There was a rush of wind, and the fire pillars that framed that side of the room fell over to intersect and create a cross of fire, blocking Ciaran and his entourage from everything else in the room. I fell to the ground as water from the moat and an even more violent wind ran over me rampantly, pelting the dark fae with such force that their cloaks tore and their faces contorted with pressure that was otherworldly. Face-down on the dais, I could still see the faces of my parents seriously engaged with a rush of magic that no normal faerie could ever accommodate. So much magic. Lorspire moved to put his hand on Betta, gifting her whatever power he had left, and then his eyes went full white before he fell lifeless to the ground. Over near the portal, Ciaran was using some sort of his own magic to stay rooted in his spot, but the winds overpowered Amira, and she went flying violently back through the portal and back into the Shadowlands.
“No!” I shouted. Brilan was the next to go limp and fall. Even through the howling winds, I could hear Dru’s screams as the entire court watched her lose her father. I cranked my neck to look back at the portal. The guards were gone, forced back to their court. Edmyn was also holding firm but seemed indifferent to either side’s gross show of power and simply turned to exit through the portal of his own accord.
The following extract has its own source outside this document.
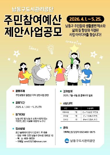 【뉴스라이트 = 이세현 기자】 인천시 남동구도시관리공단은 주민이 직접 지역 현안을 해결하고 실질적으로 체감할 수 있는 사업을 발굴하기 위해 ‘2026년도 주민참여예산제’를 본격 운영한다고 16일 밝혔다.

Ciaran grimaced against the force of the remaining Shaedes; perhaps it had been his plan all along to drain them. His boots started skirting backward, and he was losing ground at an excruciatingly slow pace, but he was still losing nonetheless. He raised a hand against the winds, trying to cast something dark, but then it all happened simultaneously. I felt an enormous blast of magic go soaring over my head. Ciaran used his magic to fling Meridee into his arms. He disappeared into the portal with her as the magic slammed him into submission, and the portal disintegrated just as the final three High Shaedes dropped dead on the dais.